**Brief**
Write out only the lines from the line containing "Liewood emergency vehicle/sandy" to the end of the listing below, both included, exactly as they stand. Drop the pictures.

START Provided records

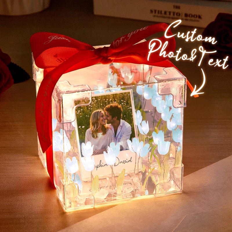 カスタムフォトチューリップフラワーインフィニティミラーボックスあなたの写真とテキストでインフィニティミラーフラワーdiyキット
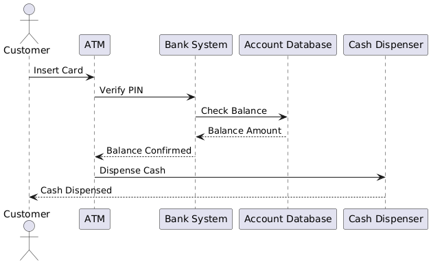 Problem Statement: A customer uses an ATM to withdraw cash. The system needs to verify the PIN, check the account balance, and dispense the cash.
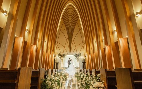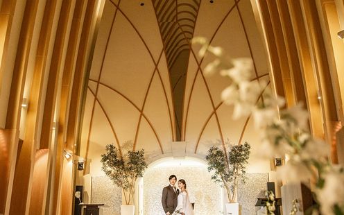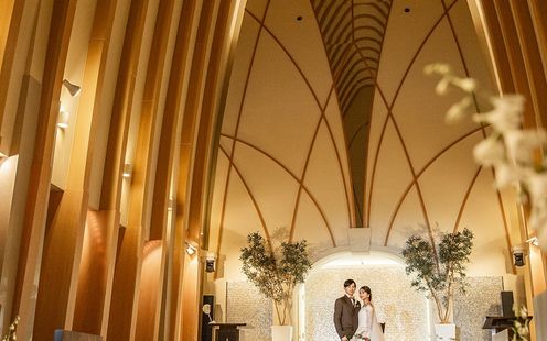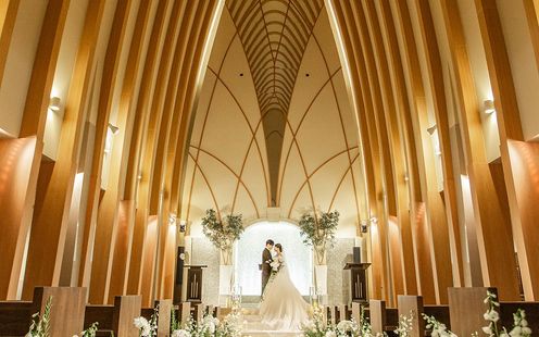 木の温もりに包まれたアーチ状の天井&シアター形式の配席が生み出す感動挙式
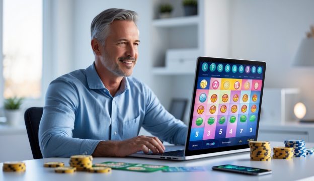 Seorang pria dewasa duduk di meja dengan laptop, fokus pada layar yang menampilkan antarmuka lotere digital, di ruangan kantor rumah yang terang dan rapi.
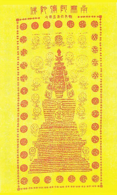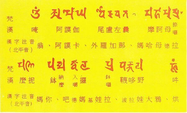 毗卢遮那佛大灌顶光真言:出自《大藏经》之密教部,此系梵文,意即“决定往生净土”。此咒之殊胜功德,可由下文得知:
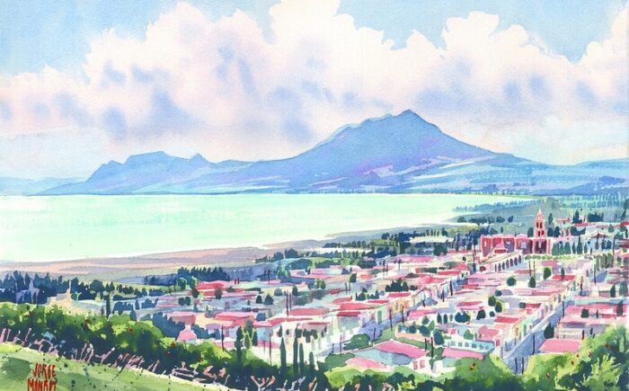A través de la acuarela, la muestra propone un recorrido por la ribera de Chapala y otros paisajes de Jalisco, en los que se exploran elementos como la luz, la atmósfera y la quietud del entorno.
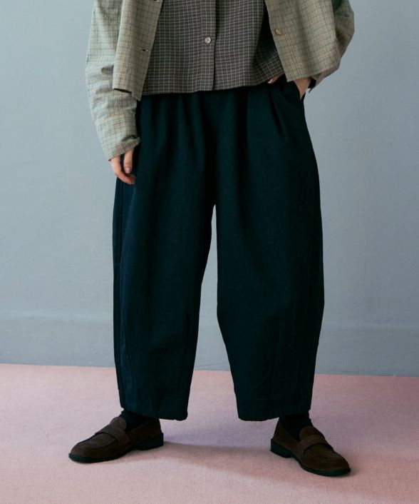【裾にかけてカーブを描いたシルエットがこなれ感とリラックス感のあるボリュームパンツ】
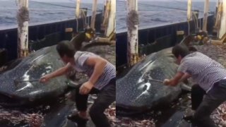 ชาวประมงทุบฉลามวาฬด้วยค้อนก่อนโยนลงทะเล
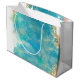 Grand Sac Cadeau Marbre d'Agate turquoise et blanc Nom Abstrait Mon
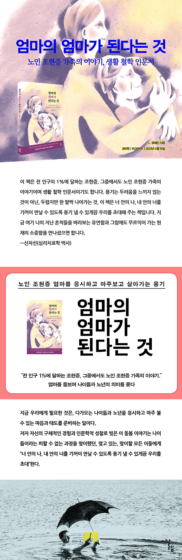 엄마의 나이듦을 오롯이 마주하고 껴안기 위한 몸부림의 기록.저자는 조현증을 앓는 엄마를 돌보았던 혼란스럽고 두려웠던 시간을 다시 “천천히, 자세히, 때로는 아프게 파고들면서 (…) 읽어 내려”간다. 그리하여 저자는 철학적, 사회학적, 심리학적, 의학적 개념들을 넘나드는 치열한 사유 끝에 나이듦과 노년, 돌봄과 죽음에 대한 성찰을 길어 올린다. 이 책은 그렇게 쓰인, 노인 조현증을 다룬 국내 최초의 “생활 철학 인문서”이다. 우리 모두는 부모의 나이듦과 마주한다. 그리고 약해진 부모를 보살피며 ‘엄마의 엄마’가 되어 간다. 그러나 그 과정은 순탄치 않다. 불현듯 다가온 부모의 나이듦에 당혹스러워하고, 갈팡질팡한다. 저자는, 자신도 같은 어려움을 겪었다고 고백한다. 그리고 어머니를 돌본 경험 속에서 자기 자신을 읽어 내기 위해 책을 손에서 놓지 않았고, 놓을 수 없었다고 말한다. 그리하여 한 아이의 엄마가 되어 생태적지혜연구소에서의 노마드적 탐색을 돌봄과 유대의 실천으로 이어가고 있는 저자는, 자신이 ‘엄마의 엄마’가 된 과정을 한 권의 책으로 빚어냈다. 저자의 이야기와 성찰은 지금 우리에게 필요한, 부모의 나이듦을 응시하고 마주 볼 수 있는 용기와 지혜를 준다.
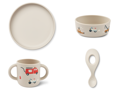Liewood emergency vehicle/sandy spisesæt Vivi silikone (4-pak)
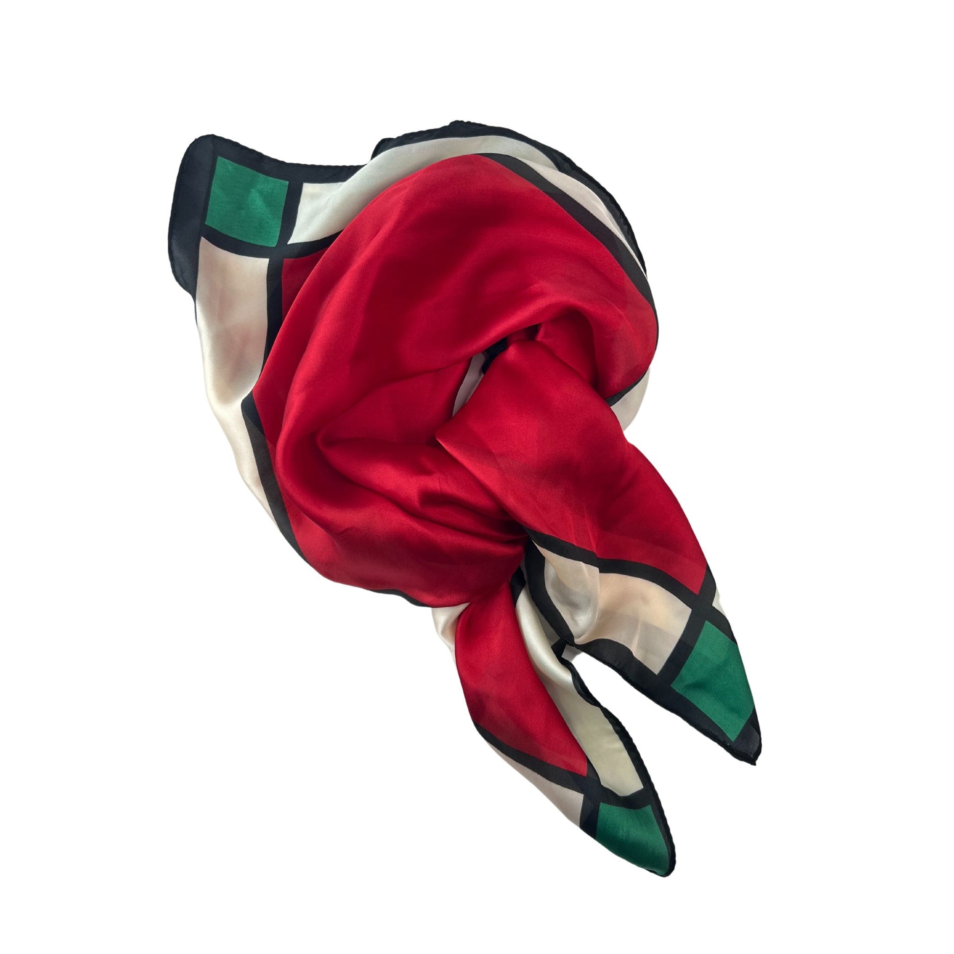 Bufanda de raso tonos rojo, verde, blanco y negro

END Provided records

**Reply**
Liewood emergency vehicle/sandy spisesæt Vivi silikone (4-pak)
 Bufanda de raso tonos rojo, verde, blanco y negro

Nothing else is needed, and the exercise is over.